DIRECTIONS FOR THIS TASK: A verbatim printing of the entries that follow is needed; pictures must not appear in it.

● ● ●

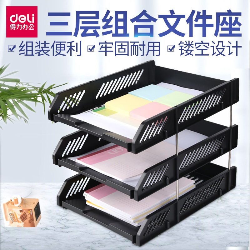 (A variety of optional)Deli document frame Office document rack Triple four thickened plastic multi-layer document bar data rack File bag folder storage box tray File rack
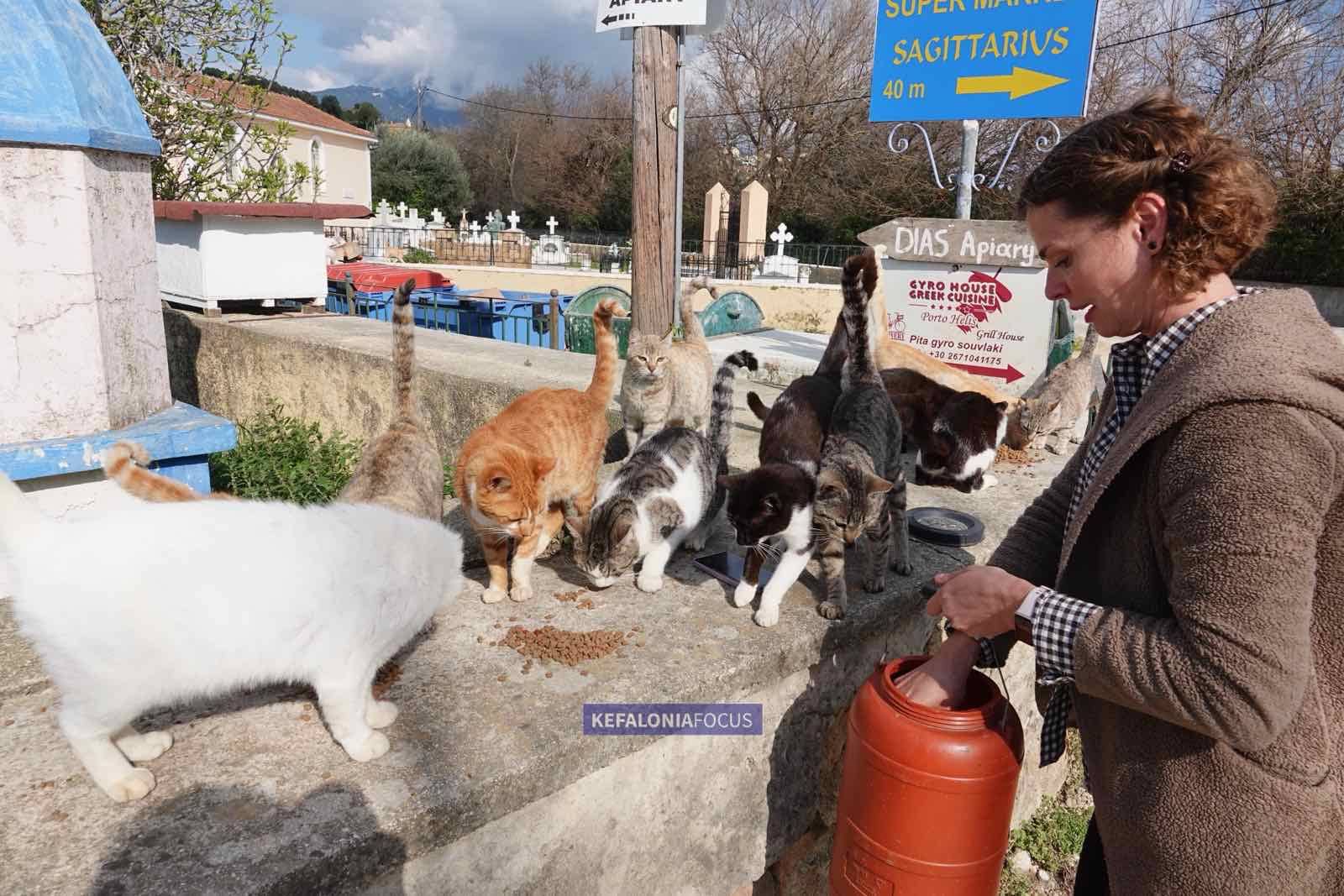 Τη συναντήσαμε ένα μεσημέρι του Μαρτίου, στη γνωστή διασταύρωση του χωριού προς Αγία Πελαγία και Άβυθο , όπου καθημερινά αφήνει τροφή και νερό.Εκεί, ανάμεσα στις γάτες που την πλησιάζουν με εμπιστοσύνη, μας μίλησε για όλα όσα κάνει. Με απλότητα. Με καλοσύνη. Με εκείνο το βλέμμα που δείχνει ότι δεν το κάνει για να ακουστεί, αλλά γιατί το νιώθει.
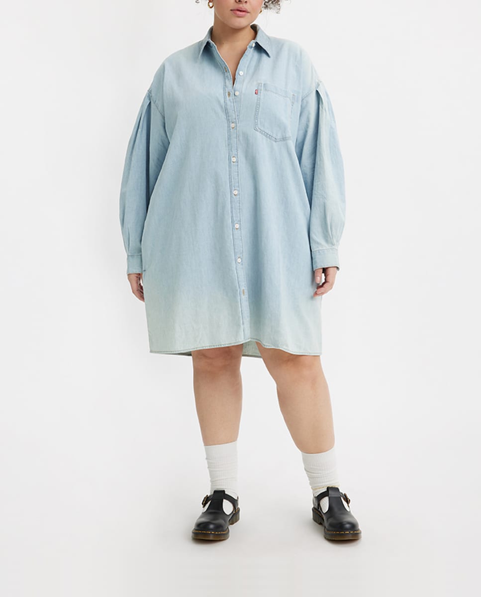 Vestido vaquero tipo camisa de manga larga talla grande
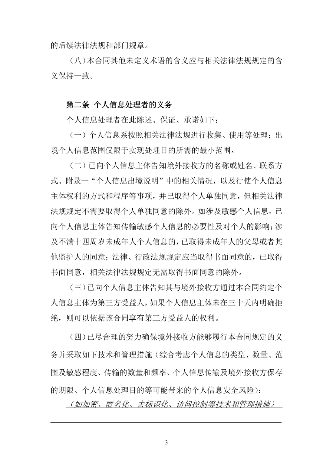 (三)个人信息处理者和境外接收方保护个人信息的责任与义务,以及为防范个人信息出境可能带来安全风险所采取的技术和管理措施等;
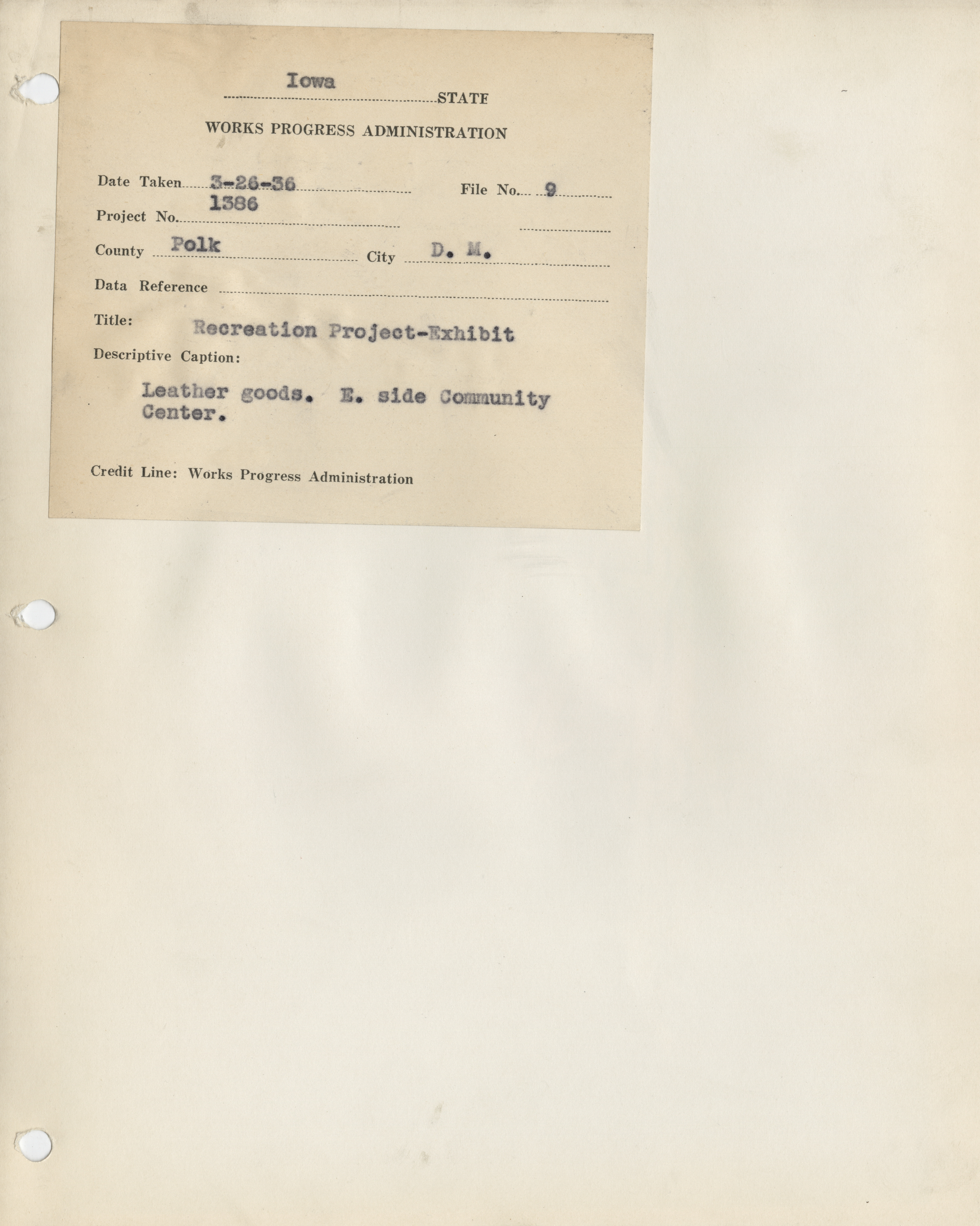 - "Photograph of a leather goods exhibit at the East Side Community Center in Des Moines", Work Projects Administration (Iowa) Photographs, Iowa State University Library Digital Collections
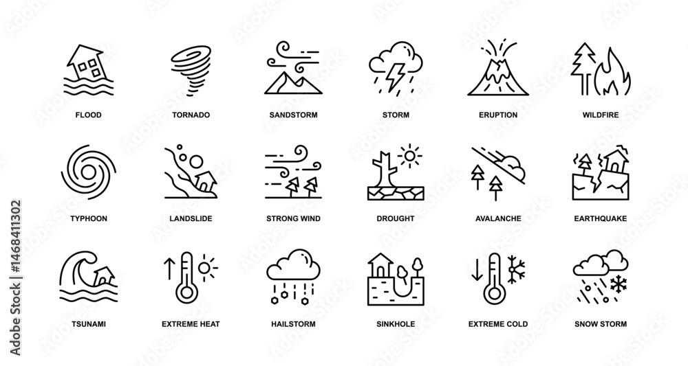 Fototapeta na wymiar - Minimalist Icons of Natural Disasters with Editable Stroke.
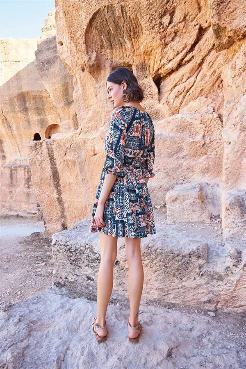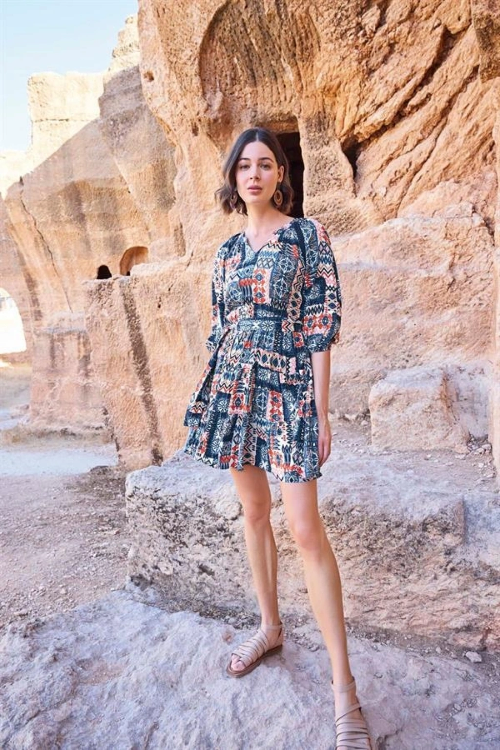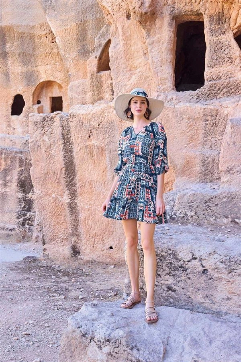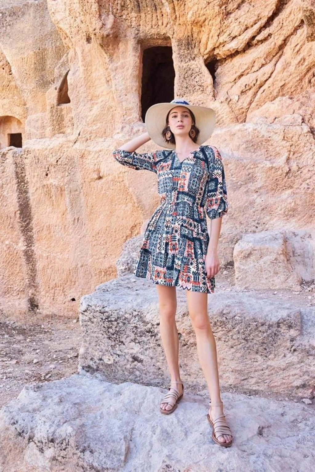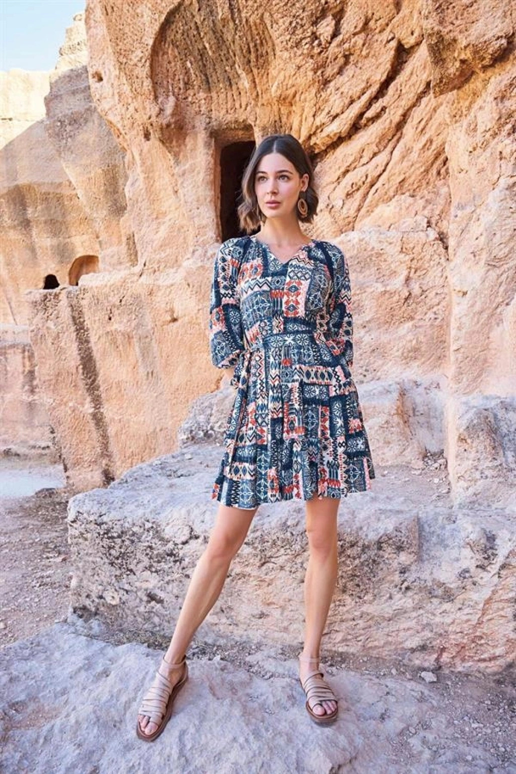 Elbise: Etnik desenlidir, V yakalıdır, truvakar kolludur, dokuma kumaştır.
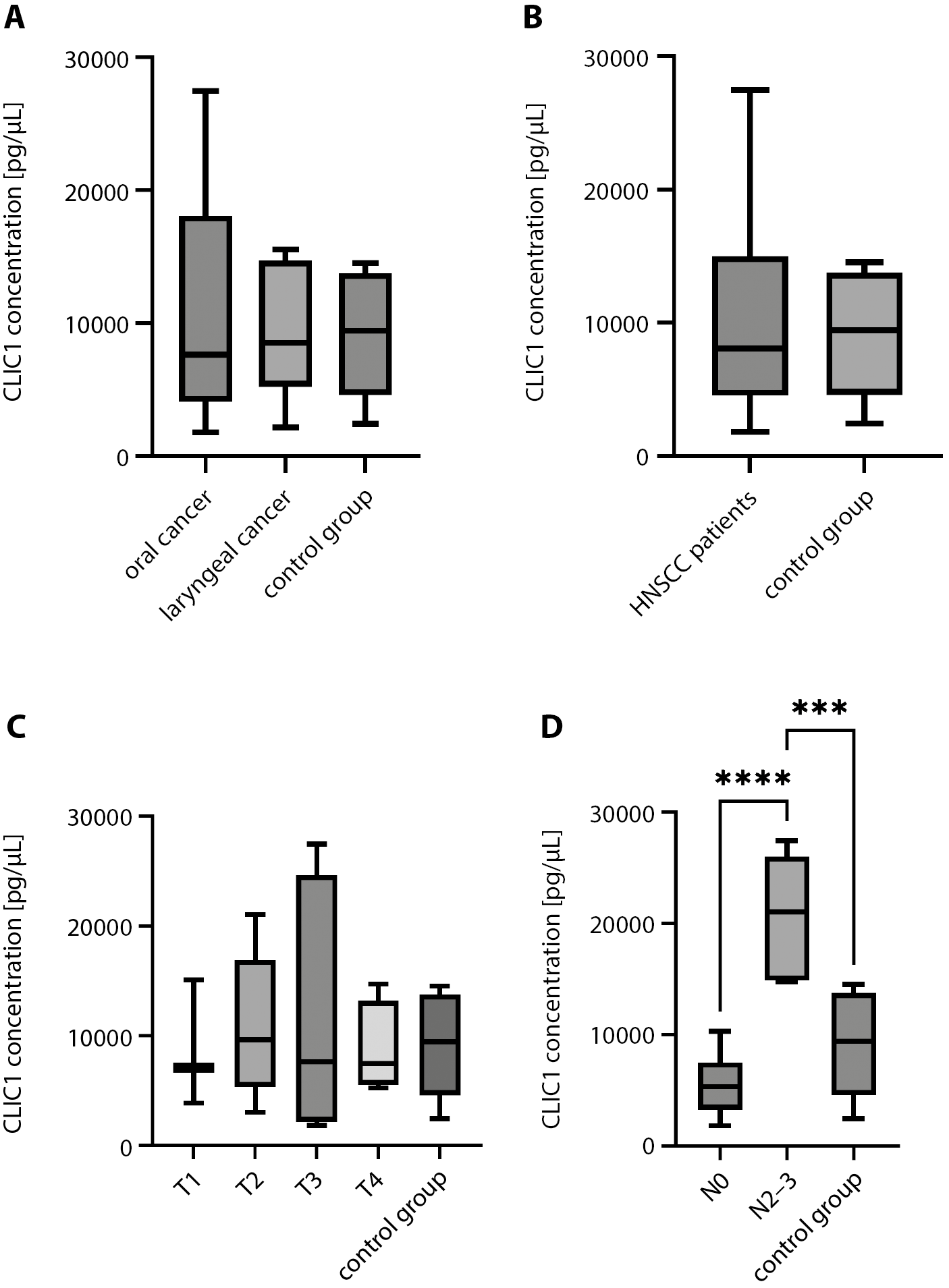 We measured and compared CLIC1 plasma concentrations in 4 groups: LSCC, OSCC, HNSCC (all patients from the LSCC and OSCC groups combined), and healthy controls.

● ● ●

EXERCISE RESULT:
 (A variety of optional)Deli document frame Office document rack Triple four thickened plastic multi-layer document bar data rack File bag folder storage box tray File rack
 Τη συναντήσαμε ένα μεσημέρι του Μαρτίου, στη γνωστή διασταύρωση του χωριού προς Αγία Πελαγία και Άβυθο , όπου καθημερινά αφήνει τροφή και νερό.Εκεί, ανάμεσα στις γάτες που την πλησιάζουν με εμπιστοσύνη, μας μίλησε για όλα όσα κάνει. Με απλότητα. Με καλοσύνη. Με εκείνο το βλέμμα που δείχνει ότι δεν το κάνει για να ακουστεί, αλλά γιατί το νιώθει.
 Vestido vaquero tipo camisa de manga larga talla grande
 (三)个人信息处理者和境外接收方保护个人信息的责任与义务,以及为防范个人信息出境可能带来安全风险所采取的技术和管理措施等;
 - "Photograph of a leather goods exhibit at the East Side Community Center in Des Moines", Work Projects Administration (Iowa) Photographs, Iowa State University Library Digital Collections
 Fototapeta na wymiar - Minimalist Icons of Natural Disasters with Editable Stroke.
 Elbise: Etnik desenlidir, V yakalıdır, truvakar kolludur, dokuma kumaştır.
 We measured and compared CLIC1 plasma concentrations in 4 groups: LSCC, OSCC, HNSCC (all patients from the LSCC and OSCC groups combined), and healthy controls.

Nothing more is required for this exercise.